(Minor update Dec. 29, 2020: Added the ability to optionally accept leading zeros in some M commands, so the script should now recognize M03, M05, M06 as equivalent to M3, M5, M6.)
The attachment is a Perl script designed to take g-code produced by Carbide Create or other programs that can only output in the grbl dialect and transform it into something usable by the Snapmaker2. (I’ll put it on GitHub or Heptapod or somewhere eventually.)
Be warned that this is a very early-stage prototype! It has been tested on one file containing a limited set of commands only! (Luban seemed to understand the output, though, so it should be processing the basic G0/G1/M3/M5 commands needed for CNC somewhat correctly.)
Right now what this thing needs is testing. Throw your grbl at it, watch to see if it complains about “Unknown command [foo]”, import the results into Luban (or a more sophisticated simulator, if you have one), and see if the toolpath makes sense.

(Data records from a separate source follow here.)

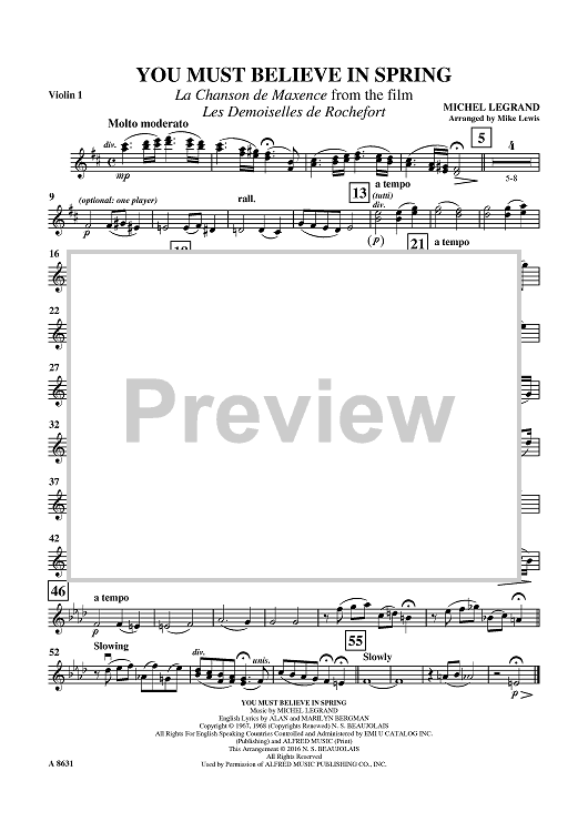 Digital Sheet Music for You Must Believe in Spring - Violin 1 by Michel LeGrand, Mike Lewis scored for Full Orchestra; id:462349
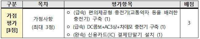 현장 평가표는 전기차 충전소 인프라를 설치하는 조건, 환경에 따라 일부를 수정하여 적용할 수 있다.
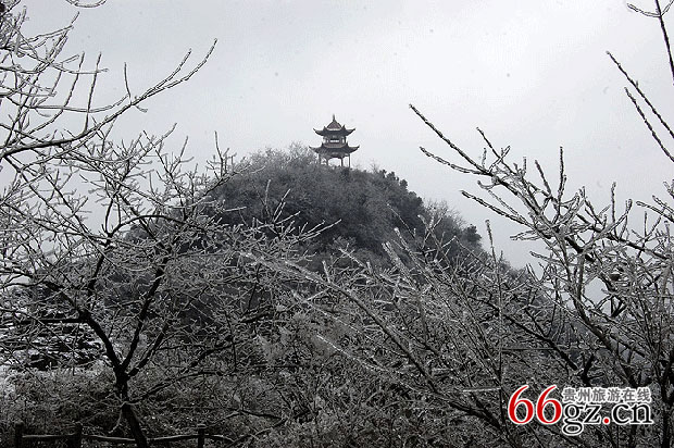 连续的低温雨雪天气给万山矿山公园裹上了一层银装
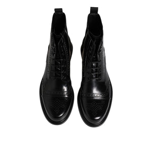 Dolce & Gabbana Black Leather Lace Up Mid Calf Boots Shoes
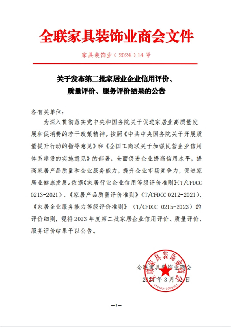 為深入貫徹落實(shí)黨中央和國務(wù)院關(guān)于促進(jìn)家居業(yè)高質(zhì)量發(fā)展和促消費(fèi)的若干政策精神,按照《中共中央國務(wù)院關(guān)于開展質(zhì)量提升行動的指導(dǎo)意見》和《全國工商聯(lián)關(guān)于加強(qiáng)民營企業(yè)信用體系建設(shè)的實(shí)施意見》的部署,全面促進(jìn)企業(yè)提高信用水平,提高家居產(chǎn)品質(zhì)量和企業(yè)服務(wù)能力,提升企業(yè)市場競爭力,促進(jìn)家居業(yè)健康發(fā)展。依據(jù)《家居行業(yè)企業(yè)信用等級評價準(zhǔn)則》(T/CFDCC0213-2021)、《家居產(chǎn)品質(zhì)量評價準(zhǔn)則》(T/CFDCC 0212-2021)、《家居企業(yè)服務(wù)能力等級評價準(zhǔn)則》(T/CFDCC 0215-2023)的評價細(xì)則,全聯(lián)家具裝飾業(yè)商會公布2023 年度第二批家居企業(yè)信用評價、質(zhì)量評價、服務(wù)評價結(jié)果,客來福家居評獲定制家居行業(yè)信用評價5A、產(chǎn)品質(zhì)量評價5星、服務(wù)能力評價5星榮譽(yù)。
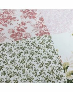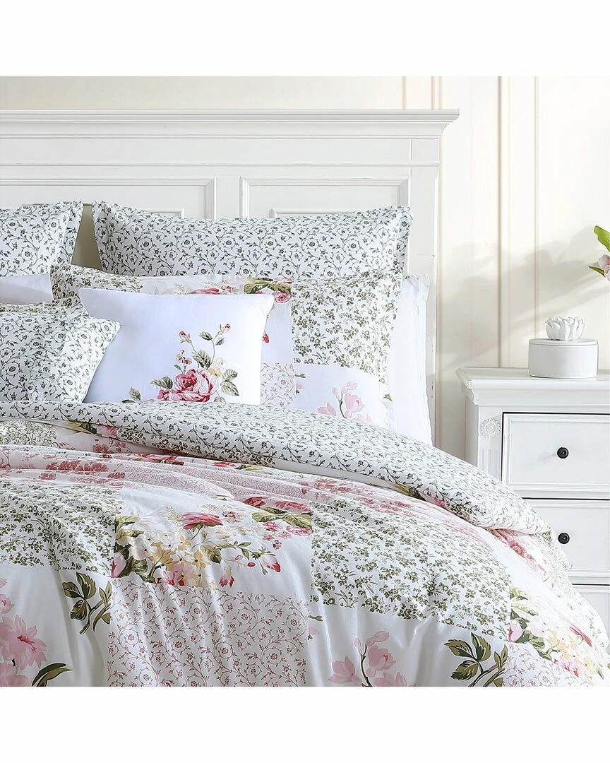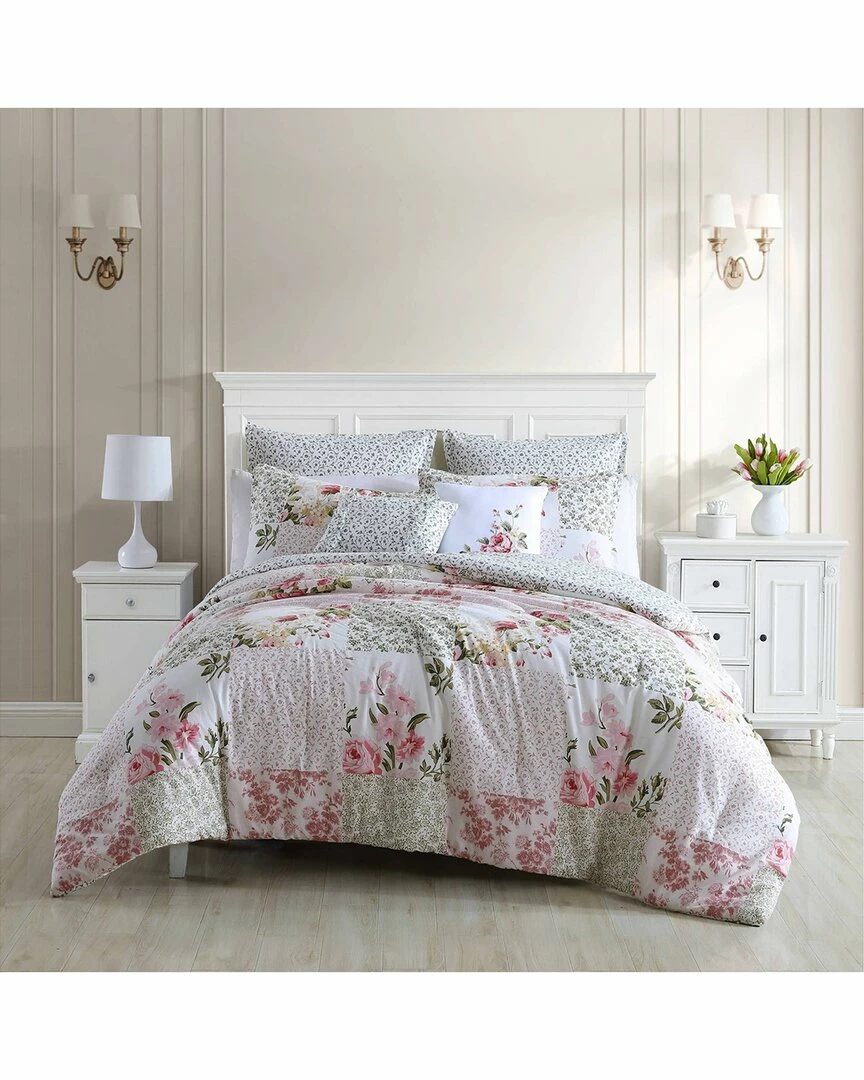- Design details: the ailyn comforter and accessories set brings the classic charm of a country cottage garden to your bedroom. a patchwork print of pink and rose florals accented with green reverses to a delicate vine pattern in green on white. made from 100% cotton, this set includes a comforter, matching shams, european shams in coordinating green vine pattern, ruffle trimmed green printed 12×18″ pillow and white embroidered bouquet 16×16″ pillow. twin set includes comforter, one sham, one european sham and two decorative pillows.

In order to test this, you will need a Perl interpreter. Mac OSX and Linux should have one preinstalled; for Windows, you’ll need Strawberry Perl (ActiveState Perl should also work if you already have it installed for some reason). I can’t be absolutely certain this will work on Windows as-is—Perl is perfectly portable 90% of the time, and trips over its own feet the other 10%. If it fails to run for you (or produces output with messed-up linebreaks), tell me, and I’ll see if I can sort it out.
Usage: perl grbltomarlin.pl [grbl file]
The output will automatically go to a file called [grblfile].marlin.cnc
grbltomarlin.zip (1.9 KB)
(Not how I expected to be spending my Saturday afternoon. Oh, well.)